Since the early 1970s, studies have been done to determine the minimum viable population (MVP) of many species, not least among them humans. In more colloquial language, MVP refers to how many members of a species must be present for it to have a 90 to 95% chance of surviving under average condition.
Perhaps one of the most famous MVP calculations in history – though relatively obscure in other fields – is John Moore’s number of 160 – that is to say, 160 people would be needed for humans to most likely survive. New Scientist calls this the ‘magic number’ for space pioneers, suggesting that for colonisation on Mars (or even further afield) one would need 160 people.
John Moore’s calculation is in the main correct, but New Scientist is but one of many who misuse or misunderstand the meaning of MVP. In the article, it is suggested that MVP could be ‘halved’ to 80 via social engineering (the idea is that later pregnancies will extend the lengths of generations), but this idea is flawed. Not because it wouldn’t work, but because MVP becomes an invalid source of measurement. Wikipedia states that ‘MVP does not take human intervention into account’, and this is a form of intervention – in this case, social scientists back on earth suggesting lengthening generations.
Now, why am I addressing MVP?
Minimum viable population is an attack used on creation by some evolutionists, so it’s important to know how to counter it. The argument is that Adam and Eve – two people – fall far below the MVP claimed by such surveys as Moore’s. There are a number of ways to refute the argument, which typically refers to the population bottlenecks of Adam and Eve as well as Noah and his relations (the latter less commonly than the former) as impossible.
Here are the rebuttals:
Josephus states that, according to tradition, ‘The number of Adam’s children…was 33 sons and 23 daughters’. Whether or not this number is likely (and it seems to be when comparing the extended period in which Eve would have been giving birth to children). All of these children would almost certainly have had essentially perfect DNA – with no defects or mutations. And fertility is one of the scientifically observed facets of humanity which genetic mutations affect, making childbirth less common and more difficult.
Adam and Eve, being created perfect, would have an optimal set of circumstances, genetically speaking, to give birth to many children.
Evolution and MVP
There is evolutionary evidence – or at least, it’s interpreted as thus by many evolutionary scientists – that there was a population bottleneck eight to ten millennia ago (right before the most recent ice age), wherein human population dropped to about twelve. Yes, twelve.
Not only does this match the Flood timeframe reasonably well, it also provides the exact same problem for evolution. And all of these other solutions don’t work with it since they’re based on the ideas of a pure creation and divine intervention.
To say ‘extended’ here is an understatement. Adam lived 930 years – not even 40 behind Methuselah, the oldest known person in history according to the Bible. (Don’t make the mistake of thinking Methuselah is definitely the oldest person in history. The Bible isn’t a categorical list of all people, and thus it’s possible – in fact, reasonably likely – that someone older than him is simply not listed in the genealogies.)

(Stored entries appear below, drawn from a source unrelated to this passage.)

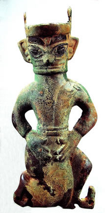 唐代詩人李白 《蜀道難》中曾經慨嘆:「蜀道之難難于上青天!蠶叢及魚鳧,開國何茫然!」蠶叢和魚鳧都是傳說中的古代蜀王。他們活動年代和文化遺跡一直不清。1929年在四川廣漢地區(qū)發(fā)現(xiàn)古蜀人玉石坑,1986年又在廣漢三星堆發(fā)現(xiàn)了兩個祭祀坑。出土金器、青銅器、玉器、陶器、象牙骨器等近千件,還有海貝;由此了解到廣漢一帶在三、四千年以前,曾有高度發(fā)展的文化,正相當于傳說中的古蜀王魚鳧統(tǒng)治時期。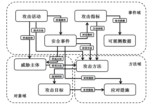 攻击活动、安全事件、攻击指标和可观测数据则构成了完整的攻击事件流程,归为事件域;即有特定的经济或政治目的、对信息系统进行渗透入侵,实现攻击活动、造成安全事件;而防御方则使用网络中可以观测或测量到的数据或事件作为攻击指标,识别出特定攻击方法;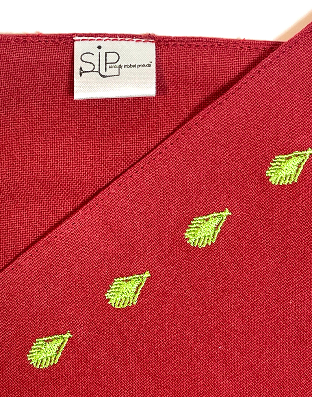 Beautifully made and wonderful quality. The green is embroidered with a lovely architectural motif that looks like an abstracted tree.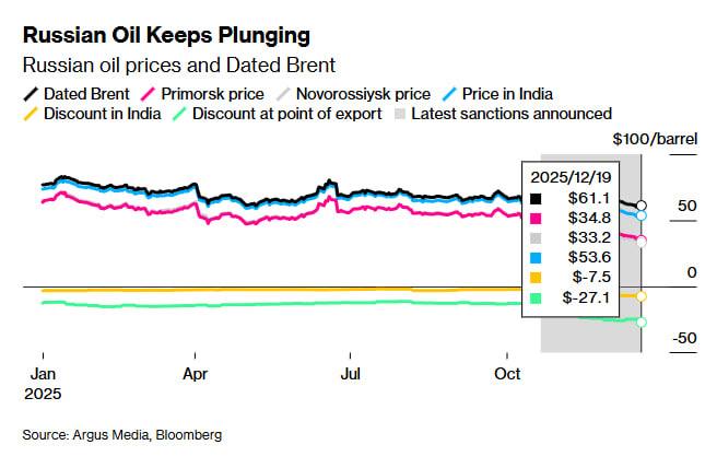 Тим часом знижки на російську нафту ESPO Blend в Китаї у грудні досягли рекордних $5–$6 за барель на тлі падіння попиту, пов'язаного з новими санкціями США.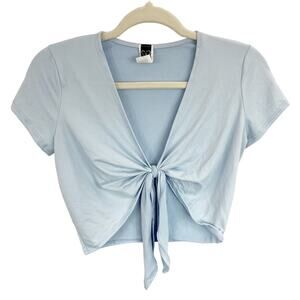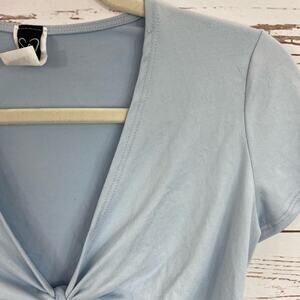 Windsor S Baby Blue Tie Up Knot Front V-neck Short Sleeve Crop Top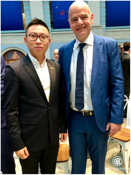 图片说明:吕锜与国际足联主席因凡蒂诺合影
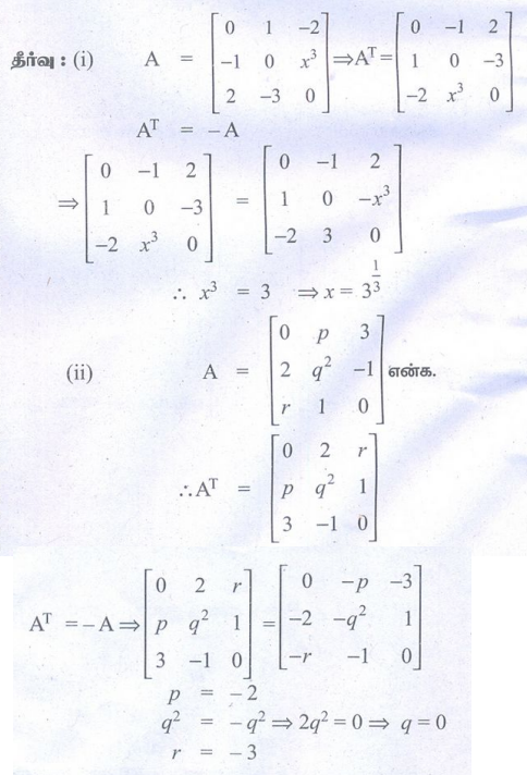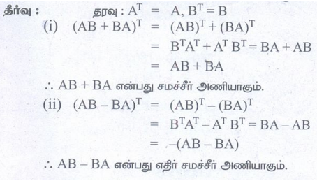 (ii) AB − BA என்பது எதிர் சமச்சீர் அணியாகும்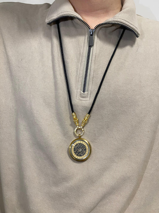 Mountain Ghost Coin Tai Sui Double Dragon Necklace - with Handwritten Tai Sui Talisman by Taoist Priest
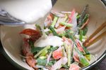 万能ねぎは3cm程の長さに切り、カニカマは大きめにちぎり、ボウルに入れて、薄力粉大さじ1を全体にまぶしておきます。 | |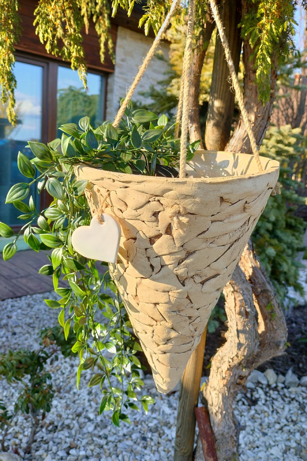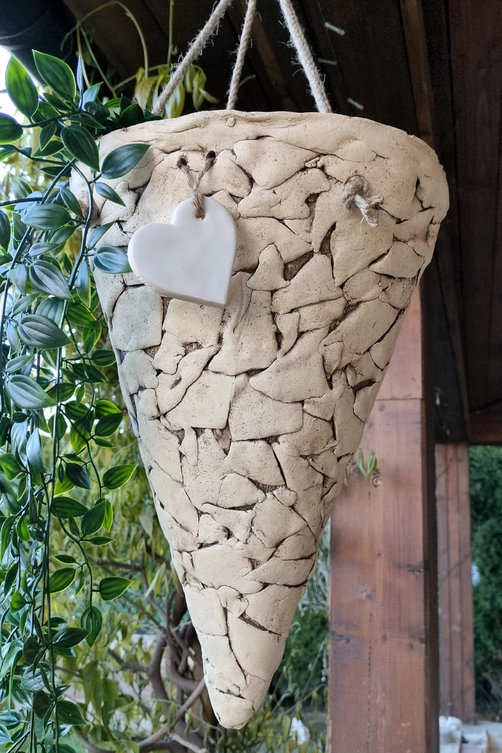 Popis: keramický závěsný kužel s bílým srdíčkem - výrobek nevidomých - krásná dekorace do zahrady, na terasu...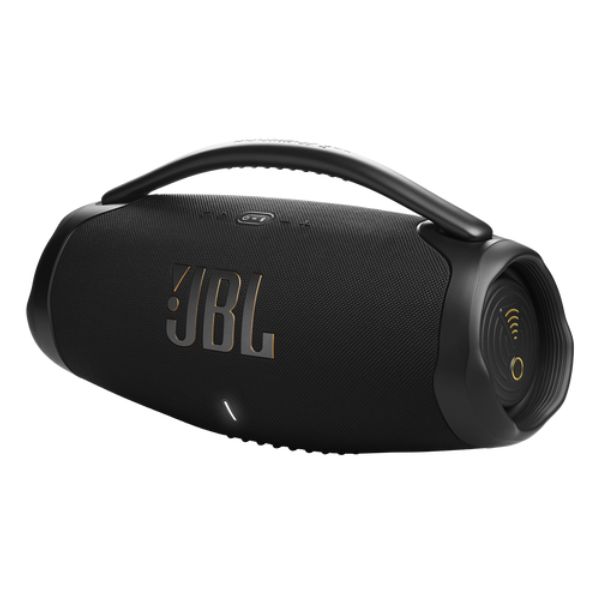El JBL Boombox 3 Wi-Fi es un altavoz portátil que ofrece sonido potente y graves profundos con tecnología JBL Original Pro. Es resistente al agua y polvo y ofrece 24 horas de batería.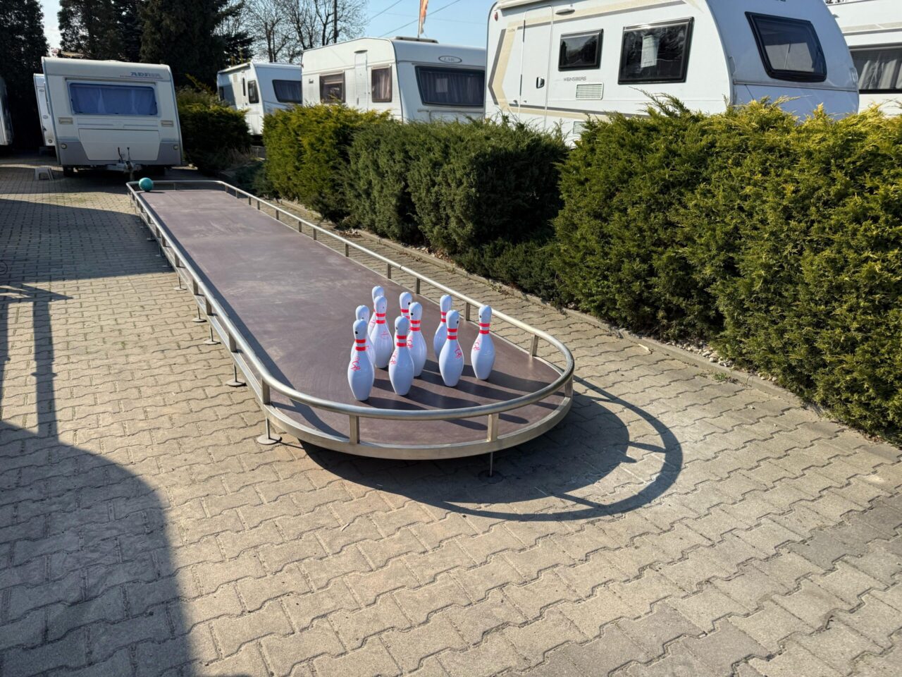 Z przyjemnością prezentujemy naszą najnowszą realizację – przenośny tor do kręgli o długości 10 metrów, wykonany na specjalne zamówienie klienta! Dzięki modułowej konstrukcji, tor składa się z czterech segmentów (2,5 m x 1,5) co czyni go bardzo łatwym w transporcie. Tor posiada nóżki, które są regulowane co daje łatwe dopasowanie do terenu. Dzięki solidnej konstrukcji i mobilności, tor świetnie sprawdzi się w plenerze, na imprezach firmowych, eventach czy w prywatnych ogrodach.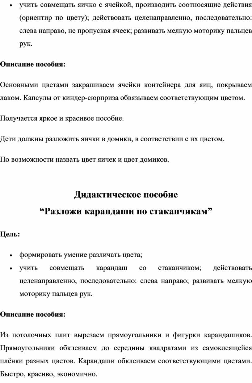 Следовательно, главное в этом возрасте – обогащение чувственного опыта, необходимого для полноценного восприятия окружающего мира, и в первую очередь – пополнение представлений о свойствах предметов: их цвете, форме, величине окружающих предметов, положении в пространстве и т.п.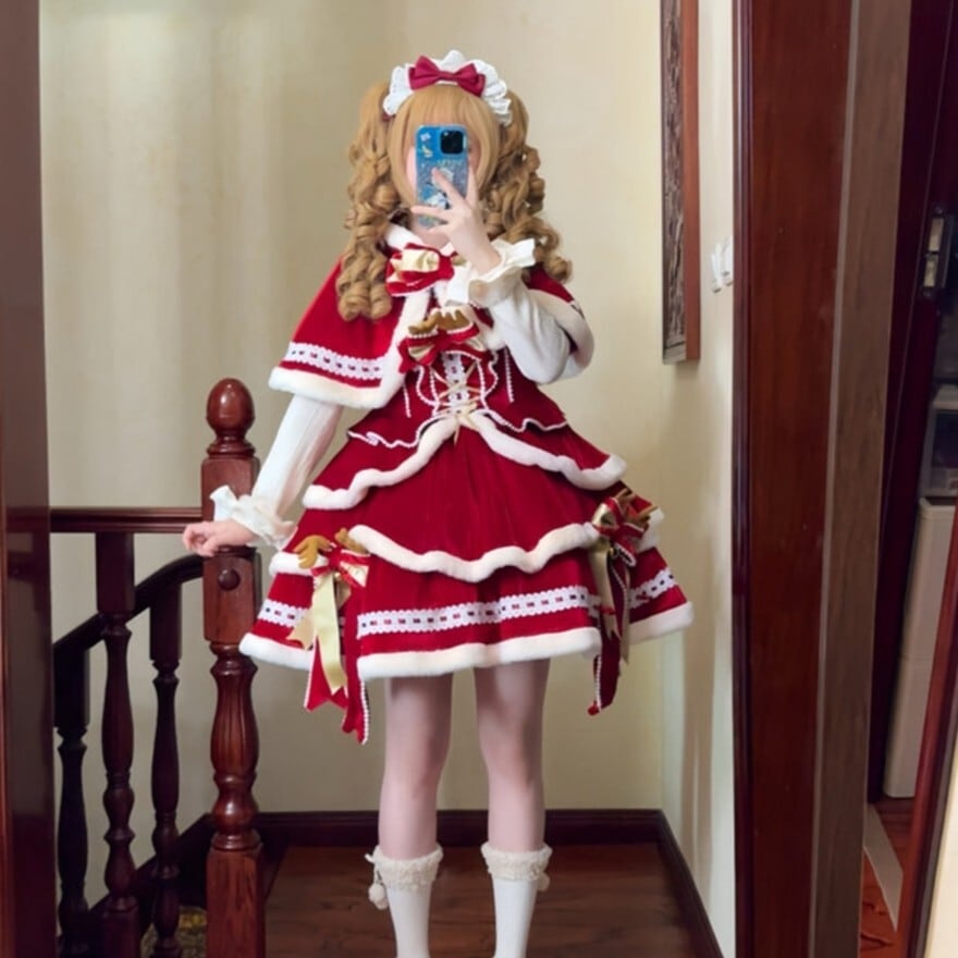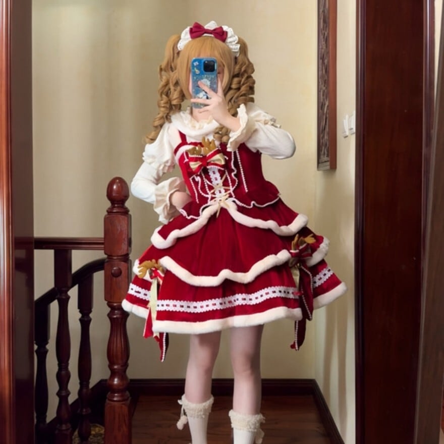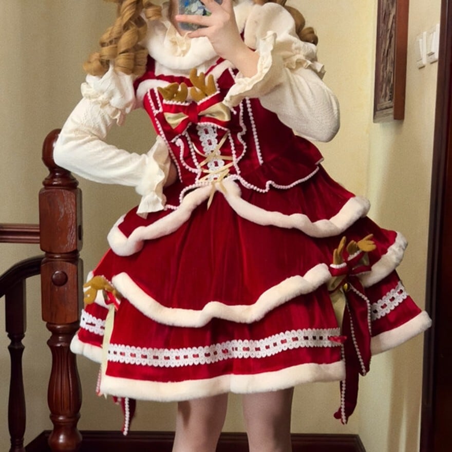 このセット一つで、完璧なクリスマスの主役になれるロリータファッションが完成します。

Scientifically speaking, since Adam lived about ten times as long as he would today (give or take a decade or two), Eve’s period of fertility would be extended tenfold – from 35 years to a staggering 350-year period. Since MVP is based on the prior length of time, it would probably decrease significantly in light of the new figure.
MVP is probabilistic. Even ignoring the other arguments, the elephant in the room is that God is, after all, a God of more than the improbable – He’s a God of the impossible. If Abraham can have a son at ninety-nine, if bread can fall from the sky in the Sinai desert, if David can defeat tens of thousands of Philistines single-handedly, then surely Adam and Eve can ‘be fruitful and multiply’ (Genesis 1:28).
Minimum viable population is a scant argument at best. With a bit of thought, the problems with it are clear, but that’s the problem – most people don’t give it enough thought. The principle problem – not just with the refutation to the problem of MVP but with apologetics as a whole – is that people give in too easily. How many times have you heard someone say ‘The Bible is full of contradictions’ and seen others accept it without proof?
So MVP should be a sign of the average Christian’s difficulty dealing with tough questions like these. If that’s you, don’t let it be. Study the Bible. Learn apologetics. And most of all, use it.